NDP vows to overturn proposed CPP withdrawal plan for Alberta election victory in 2027

Alberta’s Quest to Quit CPP Encounters Opposition and Uncertainty

The road to Alberta’s departure from the Canada Pension Plan (CPP) is set to clash with the provincial election in 2027, as the New Democratic Party (NDP) vows to halt the plan if they come to power. Samir Kayande, the opposition’s finance critic, asserts that the NDP government would cancel the CPP exit on that date, even if Albertans vote in favor of leaving the CPP through a referendum. According to Kayande, the people of Alberta have already expressed their discontent with Premier Danielle Smith’s United Conservative Party administration meddling with the $575-billion retirement fund. Kayande emphasized that the NDP does not require a referendum to oppose the cancellation of the CPP, as the public has already made their stance clear. He even welcomes the possibility of contesting an election solely on this issue in 2027.

This statement follows Premier Smith’s announcement that the Alberta government plans to engage with Albertans regarding a potential referendum on departing from the CPP and establishing a separate Alberta pension plan. As per the Alberta government’s website timeline, any referendum would likely take place in 2025. However, leaving the CPP necessitates a three-year notice, and the next provincial election is scheduled for May 31, 2027.

Smith’s government intends to retain more than half of the CPP fund if Alberta withdraws, basing this claim on a third-party report commissioned by the province. The report asserts that Alberta is entitled to $334 billion if it secedes from the CPP in 2027. However, analysts argue that these figures are predicated on flawed mathematical assumptions and interpretations of the governing legislation. Even if the projected amount were accurate, Ottawa and other provinces are unlikely to consent to allowing 12% of Canada’s population to exit while retaining 53% of the CPP assets.

Michel Leduc, the head of public affairs at the CPP Investment Board, disputes the $334 billion figure, stating that the agency cannot find any legal or actuarial basis to support it. Instead, the CPP Investment Board estimates that Alberta’s share would be closer to 16%.

Economist Trevor Tombe of the University of Calgary calculates that Alberta’s portion should range from 20% to 25%. Kayande accuses the government of misleading Albertans with unrealistic expectations of higher payouts and reduced contributions tied to an unattainable outcome. In his view, any future referendum lacks credibility due to the false premise on which it is based. He decries the referendum as an ill-informed decision driven by erroneous claims of $350 billion, which could potentially skyrocket to a trillion dollars by the time 2027 arrives.
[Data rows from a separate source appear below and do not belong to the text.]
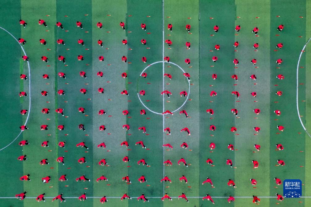 10月21日,在山東省東營市廣饒縣全民健身廣場,老年人在以“運動重陽 樂享銀齡”為主題的活動中展示太極拳項目(無人機照片)。
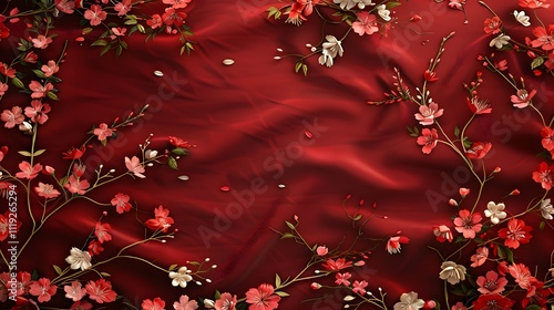 silk, fabric, flower, blossom, cherry, red, background, texture, floral, design, spring, nature, beauty, elegant, delicate, romantic, wallpaper, textile, material, pattern, decoration, art, illustration, image, photo, aesthetic, pretty, shiny, smooth, soft, flower petals, leaf, branch, festive, celebration, holiday, oriental, asian, frame, border, overhead, topview, maroon
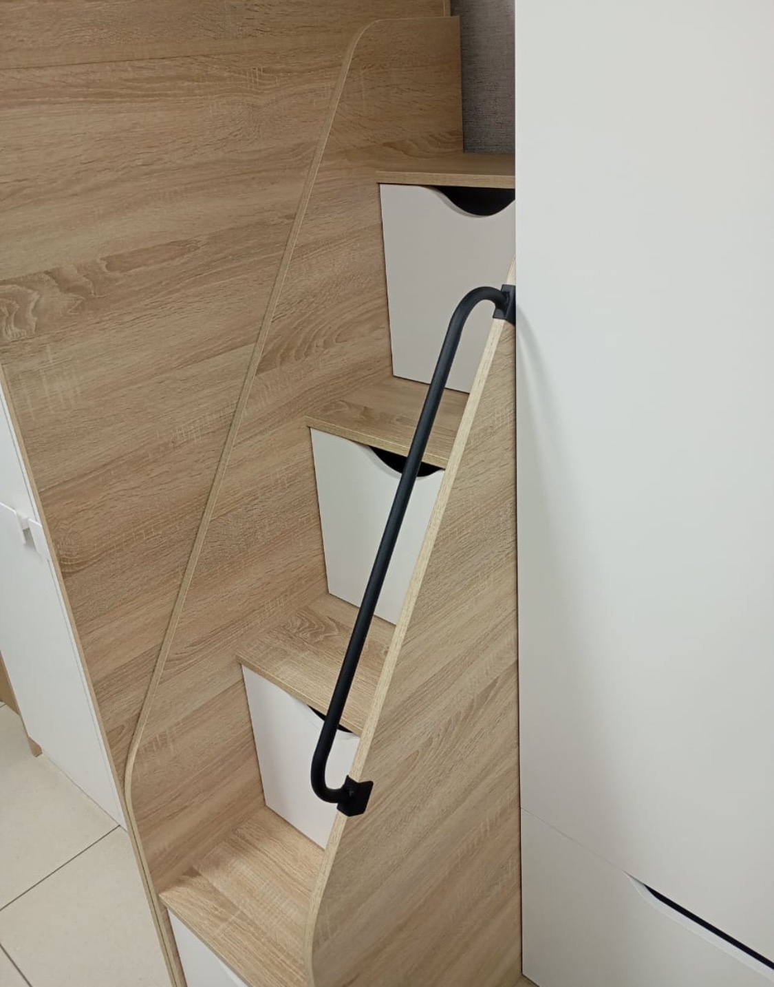 Поручень крепится к лестнице или бортику кровати в вертикальном или горизонтальном положении в зависимости от конструктивных особенностей мебели и удобства пользования.
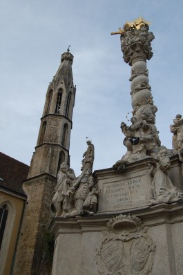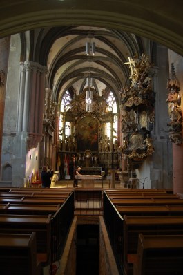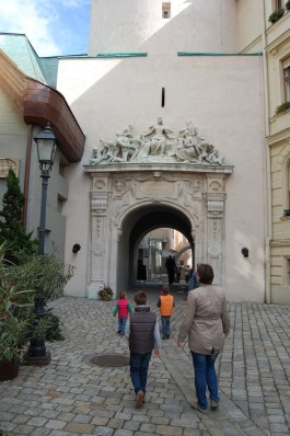 A vasárnapi szentmisén a Kecsketemplomban vettünk részt. Innen tényleg szó szerint egy lépés a Belváros, hiszen annak szívében, a Fő téren található. A Kecsketemplom 9.00-es miséje korán kelő családunknak nagyon megfelelt mind helyben, mind időpontban, de annyit azért elmondanék a helyet nem ismerő famíliáknak, hogy az egyenként lehajtható ülőkék igen nagy kísértést jelentettek a gyerekeinknek az egész mise ideje alatt… 🙂 A Kecsketemplom hangulatáról, művészettörténeti és történelmi érdekességeiről most nem írok hosszabban, hisz ezek az információk az útikönyvekben is oldalakat töltenek meg.
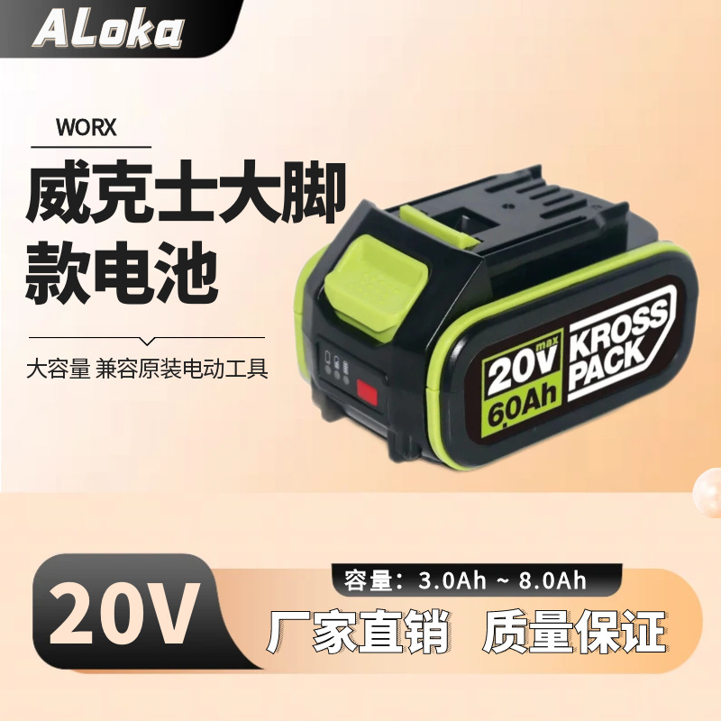 Worx(ワックス)リチウム電池20V(大型)純正電動工具バッテリー代替品、汎用タイプ、高容量
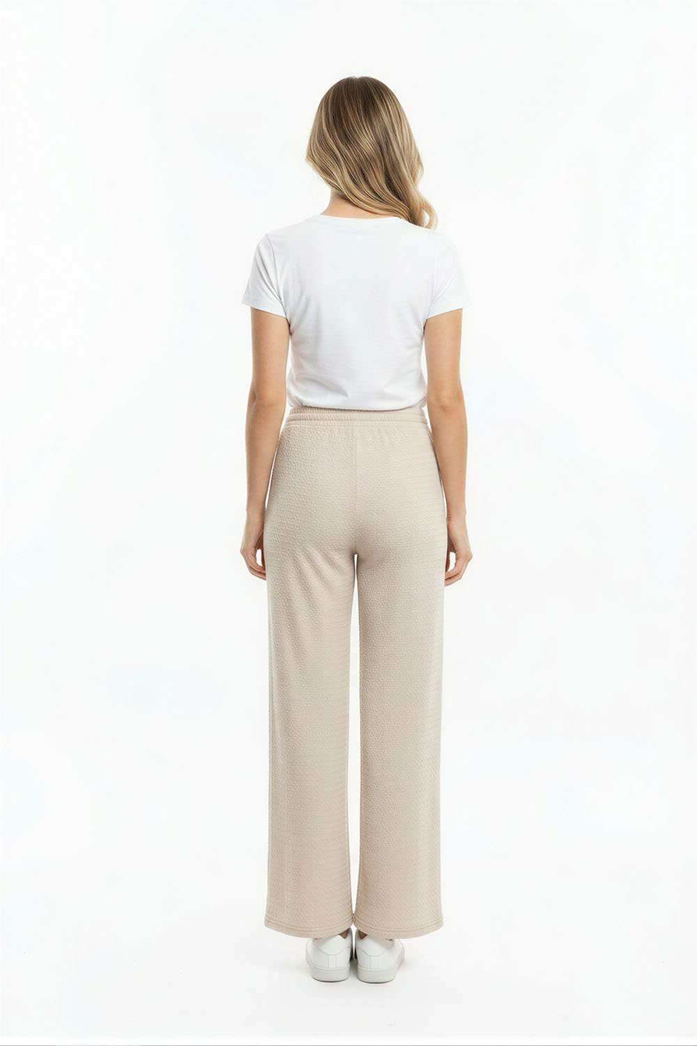 Pantalón de corte recto con caída amplia que brinda comodidad al caminar, cintura con resorte que permite ajuste práctico, detalle de jare que facilita la adaptación al cuerpo, largo a la altura del tobillo que aporta versatilidad, confección en tejido suave que proporciona libertad de movimiento
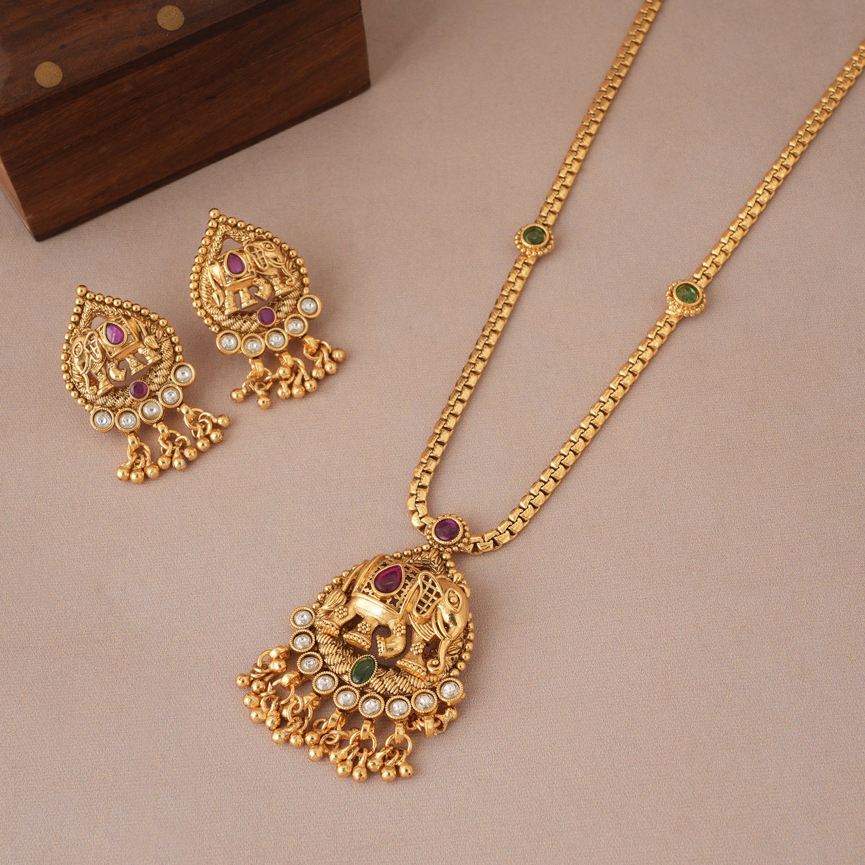 Stunning antique gold kundan stone pendant set   is a show-stopping, traditional Indian necklace set with gold plating and handwork. Buy Stunning antique gold kundan stone pendant set  and get free shipping even on Cash on Delivery.
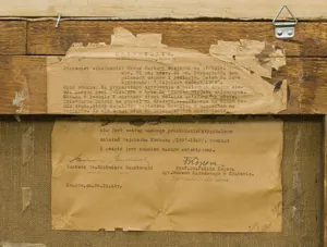 Na odwrocie (na krośnie i płótnie) naklejona karta z orzeczeniem prof. Feliksa Kopery i dra Kazimierza Buczkowskiego potwierdzających autorstwo Kossaka (Kraków, 26. IX 1943).
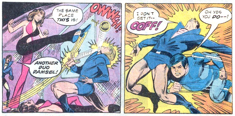 When the Legion's greatest enemy, Glorith, kidnapped Luornu and her former fellow conspirators, they learned that Glorith had also saved Duo Damsel's second self from permanent death! The Legionnaires freed her and Chuck's wives were reunited. (#42)
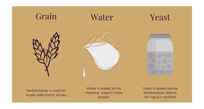 The next key ingredient is water, if there is a high mineral content in the water then this may make a difference to distillation. But it is debated how much soft or hard water changes the flavour of a whisky production, due to the high temperatures used in distillation. On the other hand, much like tea, soft water is considered better for adding to a whisky when tasting. This is due to the higher levels of magnesium and calcium in hard water which can some say from the flavour of the whisky.
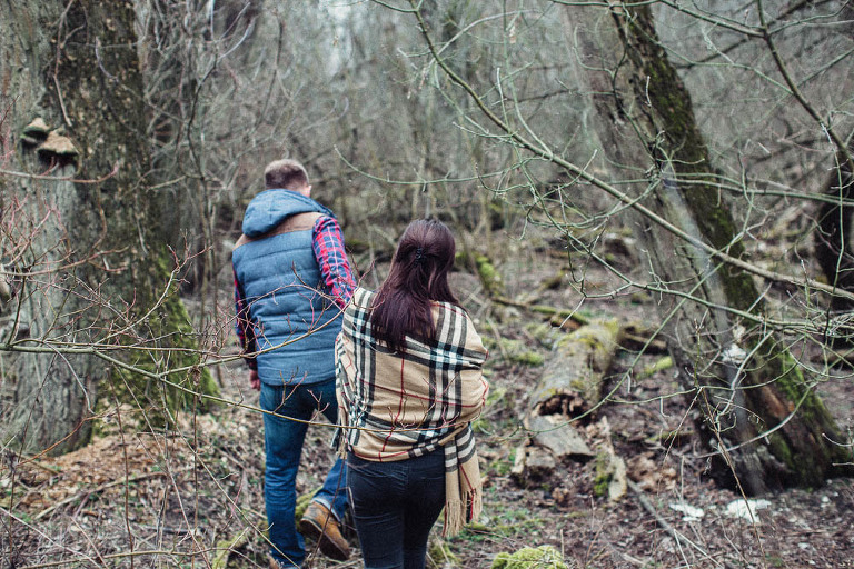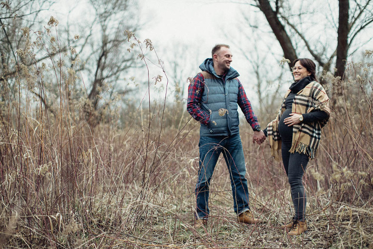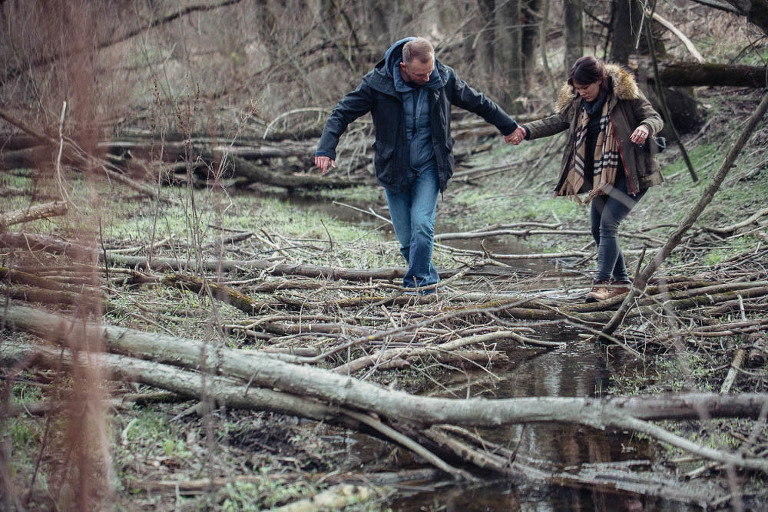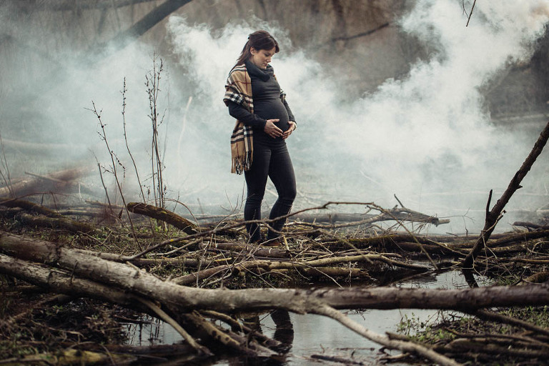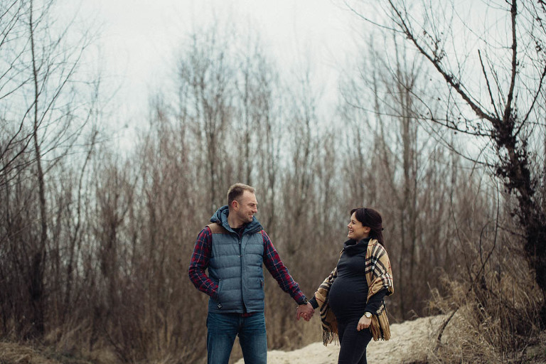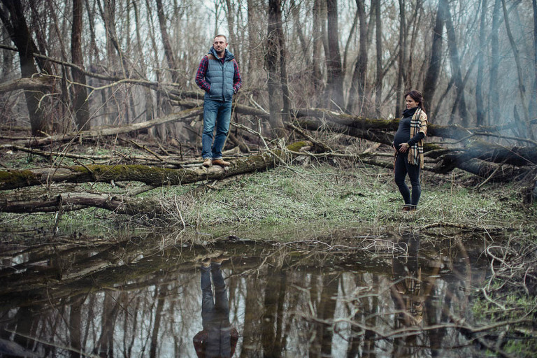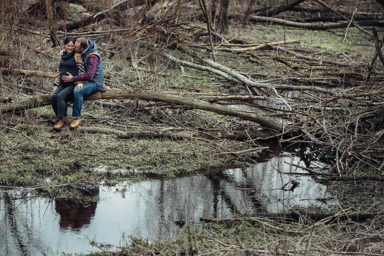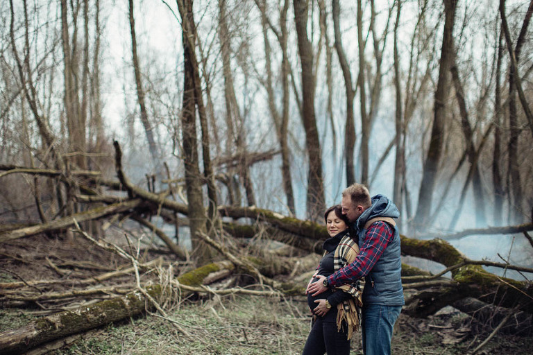 Miało być niestandardowo dla tego typu zdjęć. Ada z Marcinem nie chcieli kolejnej przytulonej, słodkiej sesji ciążowej z małymi bucikami stąpającymi po brzuszku, jakie mogli zaobserwować w Internecie. Mimo iż tego typu fotografię też mają jakiś swój urok, to padł jednak pomysł aby zrobić zdjęcia w plenerze, ale w nieoczywistej scenerii a wręcz przeciwnie, w bardziej mrocznym otoczeniu. Okres końcówki zimy idealnie do tego się nadawał, z resztą nie było innej możliwości gdyż termin porodu się zbliżał. Tak więc udaliśmy się do lasu gdzie rozpuszczony śnieg tworzył dość grząski teren, a w niektórych miejscach mieliśmy wrażenie, że znajdujemy się na jakiś mokradłach. Nie było lekko, i mimo że teren był dość ciężki oraz momentami wiał dość silny chłodny wiatr, to dzielnie znosili oni moje propozycję. I tak oto powstała ta krótka nietypowa sesja ciążowa w plenerze.
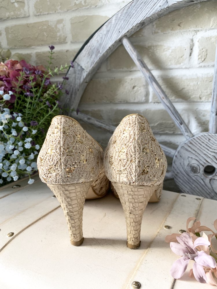 ゴールドのラメが全体にあしらわれた、ゴージャスでエレガントなパンプスです。ゴールドカラーなのでどんなドレスとも相性抜群です。靴はどれにしようかな?と困った時にも安心です◎
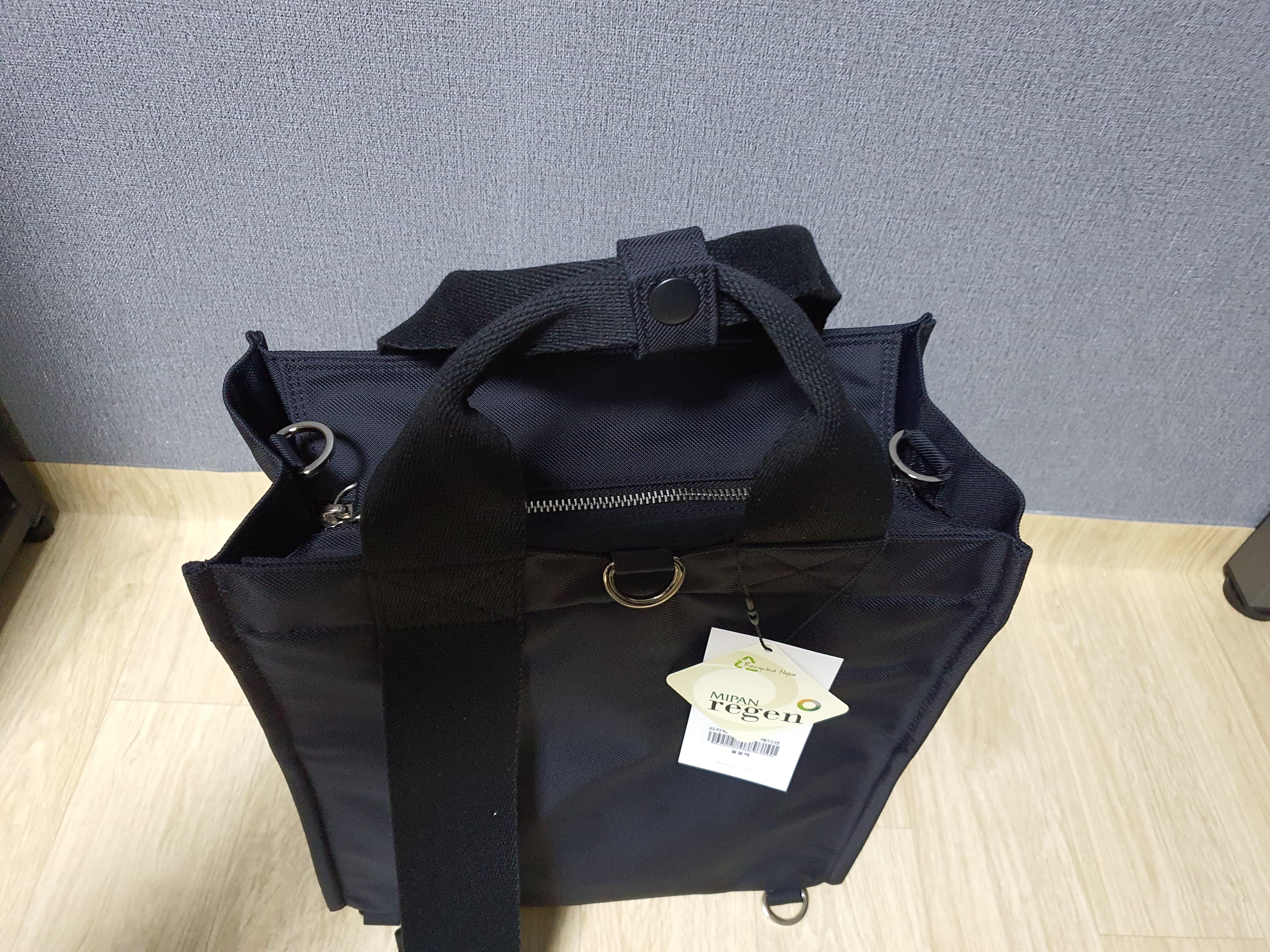 가방 무게는 578g으로 다른 에코백들처럼 정말 가벼운 가방이에요. 딱 한 가지 아쉬운 점은 앞주머니가 없어서 지갑이나 휴대폰을 넣다 뺐다하기 조금 불편합니다. 그래도 이제 태블릿을 잘 들고 다닐 수 있을 것 같습니다 :)
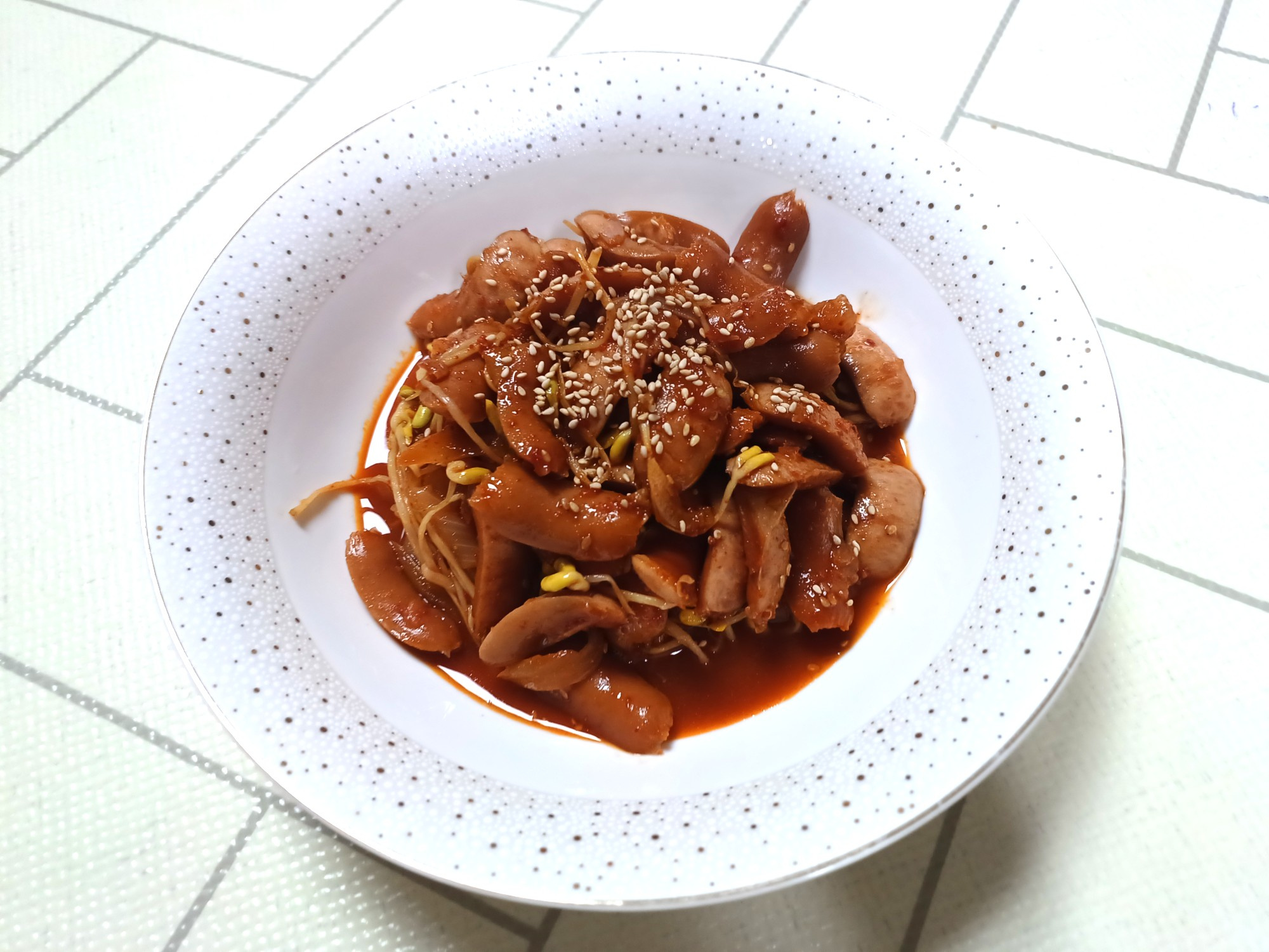 Terakhir, taburi dengan biji wijen sangrai secukupnya. Aduk cepat, dan Tumisan Sosis dan Tauge Anda yang lezat dan mengenyangkan siap disajikan! Ini akan menjadi hidangan utama yang sempurna untuk makanan yang menyenangkan.
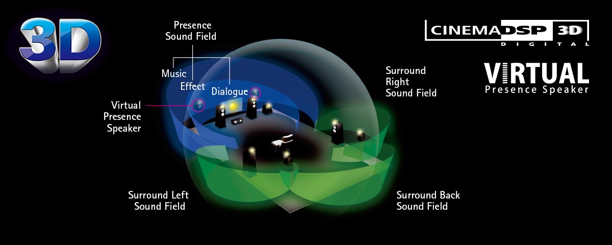 CINEMA DSP 3D provides a wide, high and dense sound field. HD Audio format decoding lets you enjoy HD Audio sources. Virtual Presence Speaker delivers 3-dimensional sound without actual use of presence speakers.

When asked for comment on Kayande’s remarks, Smith’s office referred the issue to Finance Minister Nate Horner’s office, which has yet to respond. The consultation process is the next step in the government’s plan. A panel led by former Alberta finance minister Jim Dinning will engage with Albertans in the coming months and provide a report in the spring on whether residents are interested in voting on creating an autonomous pension plan.

To support their position, the government has created a survey on its website, highlighting the report’s numbers and asserting that an Alberta pension plan would be secure, yield cost savings, and potentially offer higher payouts. The survey asks Albertans to provide input on how to structure the plan, rather than whether pursuing the plan is a good choice.

Duane Bratt, a political scientist at Mount Royal University in Calgary, explains that the survey assumes that Alberta will leave the CPP and transition to an Alberta pension plan, with 53% of CPP assets. Bratt suggests that the survey and consultations aim to counter public opinion surveys that indicate Albertans are opposed to leaving the CPP. He argues that the government’s objective is to change public sentiment, even if the venture fails. Bratt suggests that a failed Alberta pension plan would align with Premier Smith’s overarching political narrative, portraying a federal government that exploits Alberta’s wealth while imposing restrictions on the province’s oil and gas industry. Any disputes over the $334 billion claim would strengthen Smith’s argument that Alberta is being prevented from leaving the CPP by the rest of the country.

The NDP has called for a public pension debate in Alberta, creating a contentious issue that remains unresolved and uncertain.